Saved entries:
########

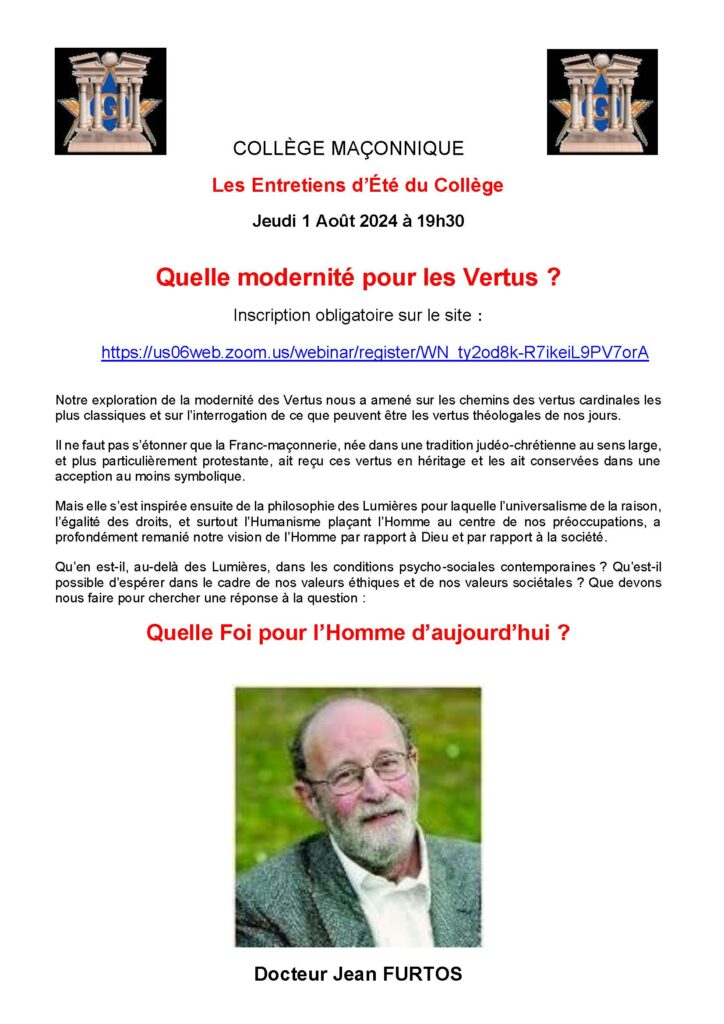 QUELLE FOI POUR L’HOMME D’AUJOURD’HUI ? – COLLEGE MACONNIQUE
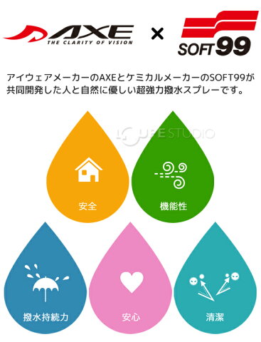 4930097103017 ls@AXE-G-N3超強力撥水スプレー ウォータープルーフプレミアム ガス不使用 石油系溶剤フリーの撥水剤 AXE アックス ソフト99 撥水 防水 スプレー アウトドアウェア レインウェア 傘雨具 AX-31アイプロテクションメーカーのアックスとケミカルメーカーのソフト99とのコラボレーションで生まれた健康に影響がなく、環境に優しい新時代の繊維用撥水スプレー。
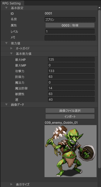 名前は、一番上の「基本設定」で、見た目は「画像データ」で画像ファイルを読み込んで設定します。
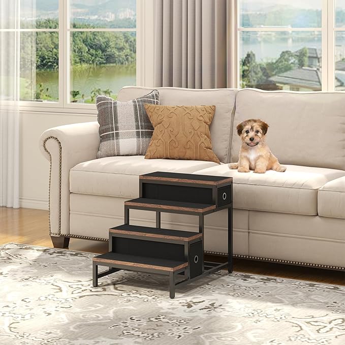 - 【Sturdy and Stylish】 Crafted with a durable metal frame and quality wood grain engineered board, providing a sturdy structure. The platform features a comfortable sponge pad with a removable and washable tarp cover. The non-slip carpeted stairs ensure your pet's safety. Supports a maximum weight of 100lbs.
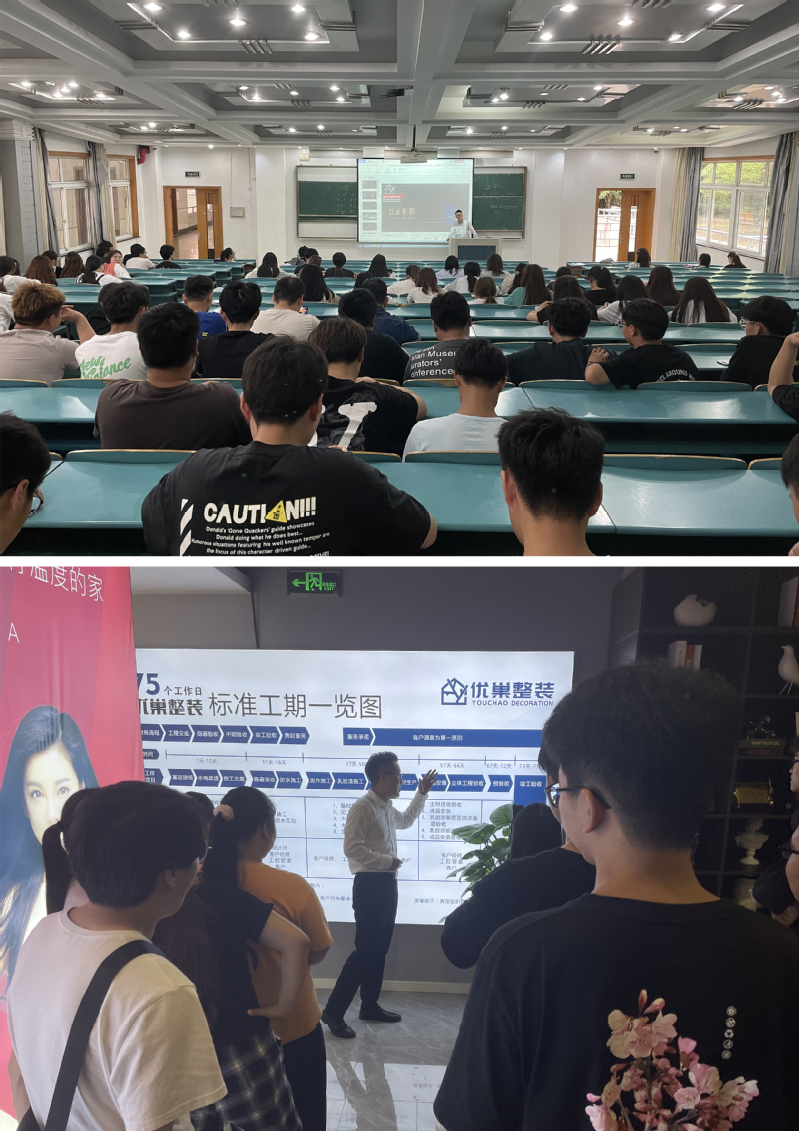 会上,优巢整装工程有限公司招聘负责人对公司进行了简要的介绍,强调了公司有关人才培养的理念,公司会采用系统化的培养方式,从个人能力、团队管理能力等全方面培养。优巢装饰将本次招聘的岗位需求与薪资待遇作了详尽的介绍,并对现场学生的就业疑问进行了专业的解答。
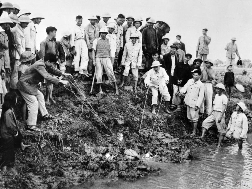 Chủ tịch Hồ Chí Minh tát nước chống hạn với bà con nông dân xã Đại Thanh, tỉnh Hà Đông (nay là Hà Nội) ngày 12/1/1958. Ảnh: Đinh Đăng Định - TTXVN
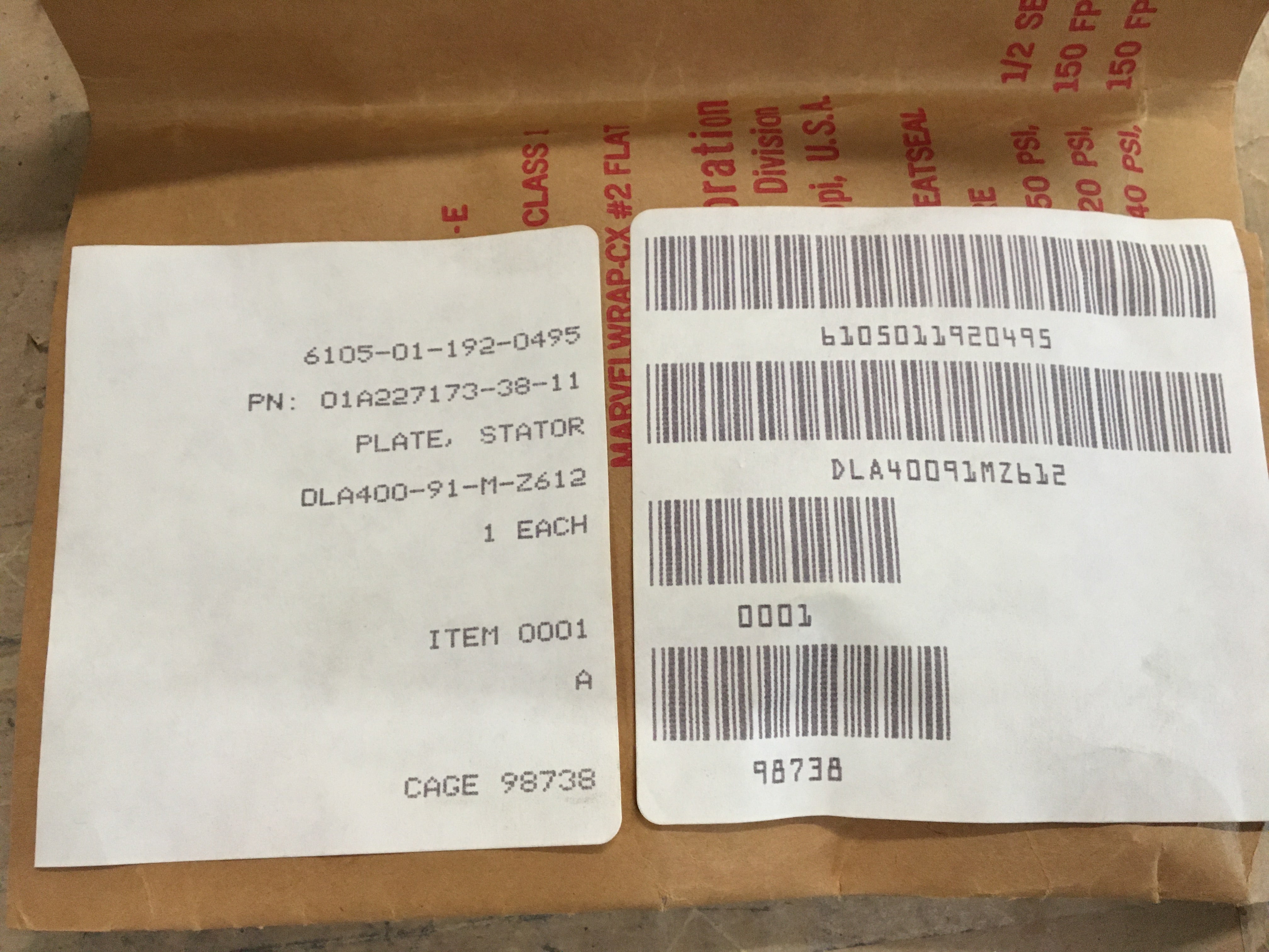 Herley Chicago Stator Plate P/N: 01A227173-38-11 NSN: 6105-01-192-0495

########

Directions for this task:
Using the entries above, reproduce word for word only the lines from the one that contains "4930097103017 ls@AXE-G-N3超強力撥水スプレー ウォータープルーフプレミアム" to the one that contains "名前は、一番上の「基本設定」", both ends included, and drop every picture.

Solution for this problem:
 4930097103017 ls@AXE-G-N3超強力撥水スプレー ウォータープルーフプレミアム ガス不使用 石油系溶剤フリーの撥水剤 AXE アックス ソフト99 撥水 防水 スプレー アウトドアウェア レインウェア 傘雨具 AX-31アイプロテクションメーカーのアックスとケミカルメーカーのソフト99とのコラボレーションで生まれた健康に影響がなく、環境に優しい新時代の繊維用撥水スプレー。
 名前は、一番上の「基本設定」で、見た目は「画像データ」で画像ファイルを読み込んで設定します。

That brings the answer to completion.